In other words, if for simplicity we assume the distributions of $X_i$ are continuous (such that $\P(X_i = X_j) = 0$), I am looking for bounds on: $$ \P( X_i = \max_j X_j ) \enspace. $$ If $N=2$, we can use Chebyshev's inequality to get: $$ \P(X_1 = \max_j X_j) = \P(X_1 > X_2) \leq \frac{\sigma_1^2 + \sigma_2^2}{\sigma_1^2 + \sigma_2^2 + (\mu_1 - \mu_2)^2} \enspace. $$ I would like to find some simple (not necessarily tight) bounds for general $N$, but I have not been able to find (esthetically) pleasing results for general $N$.

Please note that the variables are not assumed to be i.i.d.. Any suggestions or references to related work are welcome.

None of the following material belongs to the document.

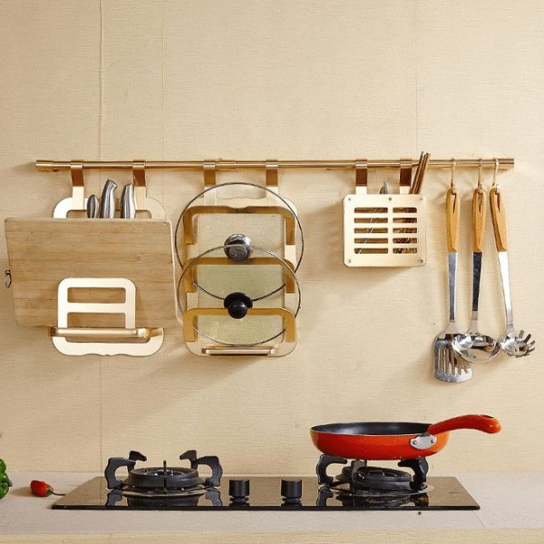 使用厨房挂钩,墙面空间得到充分利用 #生活技巧# #居家技巧# #厨房小工具#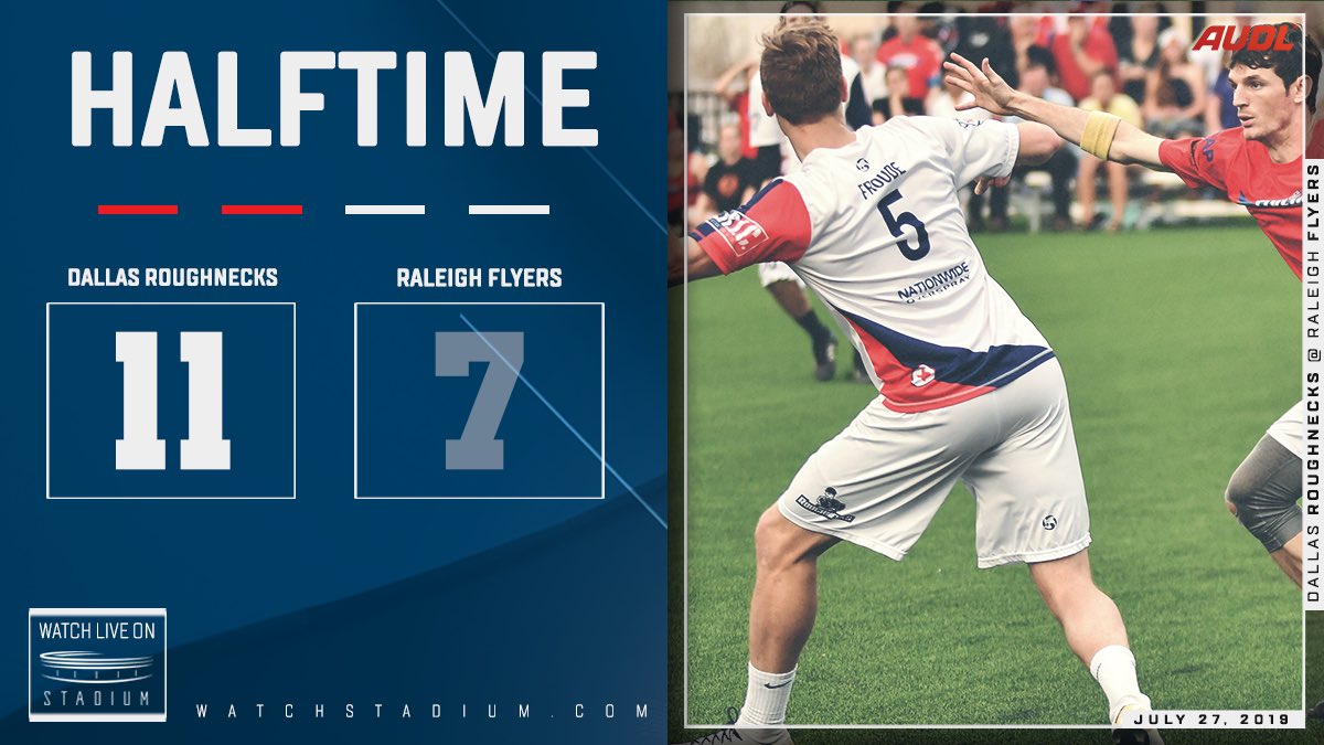 8:22PM, AR — One of the big questions entering tonight's game was "What does Dallas' best performance look like?" And against a team as talented as Raleigh, this has to be it. They're being efficient and (boringly) safe with their offensive possessions, and converting almost at will. Definsively, they're doing a great job of getting after the disc and not giving the Flyers any easy throws. The Roughnecks are continually forcing the Flyers into alternative looks and routes, and it's paying dividends with their halftime lead.

Update: recall that by assumption, $\mu_j \geq \mu_i$. We can then use the above bound to arrive at: $$ \P(X_i = \max_j X_j) \leq \min_{j > i} \frac{\sigma_i^2 + \sigma_j^2}{\sigma_i^2 + \sigma_j^2 + (\mu_j - \mu_i)^2} \leq \frac{\sigma_i^2 + \sigma_N^2}{\sigma_i^2 + \sigma_N^2 + (\mu_N - \mu_i)^2} \enspace. $$ This implies: $$ ( \mu_N - \mu_i ) \P( X_i = \max_j X_j ) \leq (\mu_N - \mu_i) \frac{\sigma_i^2 + \sigma_N^2}{\sigma_i^2 + \sigma_N^2 + (\mu_N - \mu_i)^2} \leq \frac{1}{2} \sqrt{ \sigma_i^2 + \sigma_N^2 } \enspace. $$ This, in turn, implies: $$ \sum_{i=1}^N \mu_i \P( X_i = \max_j X_j ) \geq \mu_N - \frac{N}{2} \sqrt{ \sum_{i=1}^{N-1} (\sigma_i^2 + \sigma_N^2) } \enspace. $$ I am now wondering whether this bound can be improved to something that does not depend linearly on $N$. For instance, does the following hold: $$ \sum_{i=1}^N \mu_i \P( X_i = \max_j X_j ) \geq \mu_N - \sqrt{ \sum_{i=1}^N \sigma_i^2 } \enspace? $$ And if not, what could be a counterexample?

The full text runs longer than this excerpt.